Nummer Eins in Gumperting: hier war ich schon mal drinnen, er liegt direkt an der Straße zwischen Seekirchen und Obertrum. Es gibt frische Eier, Teigwaren (Weizen und Dinkelnudeln), Molkereiprodukte, Cremen, Salben, Räucherwerk, ...
Danach fuhren wir zur Nummer Zwei nach Schleedorf. Diesen Laden kannte Birgit, ich bin dort zwar schon des öfteren vorbeigekommen, hätte ihn aber nicht bemerkt! Auch hier gibt es frische Eier - die Produzentinnen kann man hinterm Haus besuchen - haufenweise verschiedene Nudelsorten und tolle Geschenkkörbe, sogar mit selbtstgemachen Grußkarten!
Danach ging es den Hügel wieder runter nach Mattsee und von dort aus zum Laden Nummer Drei. Bei Mitterhof stand früher immer schon ein Automat mit Wurst-, und Fleischprodukten, seit einiger Zeit gibt es dort aber auch einen Selbstbedienungsladen mit Gemüse, Obst, Milchprodukten, Honig, Eiern und noch viel mehr!
Ziemlich beeindruckt fuhren wir weiter nach Elixhausen. Da hatte ich am Vortag auf der Karte auch einen Hofladen gesehen, als wir dort waren, wußte ich nur nicht mehr so genau wo. Also sind wir ein etwas auf und abgefahren und als ich schließlich doch das Telefon zückte, sah ich, dass wir kurz davor umgedreht hatten und jetzt schon wieder am Rückweg waren.  Zurückradeln wollten wir dann doch nicht, also haben wir die Nummer Vier verpasst. 
Die Vier hat dann noch dieser Mini-Hofladen bekommen, der ebenfalls in Gumperting liegt, kurz bevor sich unsere Wege wieder trennen würden. Hier gab es als Besonderheit Wachteleier und so einiges an Deko-Gegenständen.
Und wenn ihr euch jetzt wundert, warum es keine Fotos von "drinnen" und dem von mir aufgezählten Sortiment gibt - zweimal habe ich auch drinnen Fotos gemacht, die unscharf und viel zu dunkel wurden, einmal habe ich vergessen und in einem Laden waren soviele Leute, dass man sich kaum umdrehen konnte. 
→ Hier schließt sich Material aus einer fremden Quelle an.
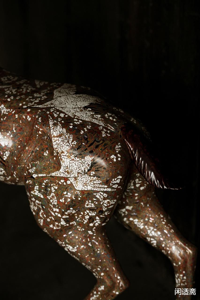 此件九色鹿制作工艺考究,以黄铜为骨,采用失蜡铸造的工艺制作。鹿身表面再以非遗大漆髹饰,取天然生漆经 “三磨三滤” 精制,先以朱红为底,再用彰髹工艺铺展漆层,同时选用色泽温润的鸡蛋壳,浸泡去膜后细细捣碎,正贴留隙间,自然冰裂纹如流云萦绕。十二道髹漆反复晾晒打磨,再以蜂蜡推光百次,蛋壳的莹白与漆层的琥珀色交融。

Nach dem letzten Laden fuhren Birgit und Heide dann wieder von dannen und ich nahm die kleinen Straßen zurück nach Hause, wobei ich auf einer Sonnenbank noch eine halbe Stunde meine Vitamin D Speicher auffüllen ließ!
Von da aus war es nicht mehr weit und so hatte ich nach meiner ersten Radrunde heuer 40 kühle, aber sonnige Kilometer auf dem Tacho.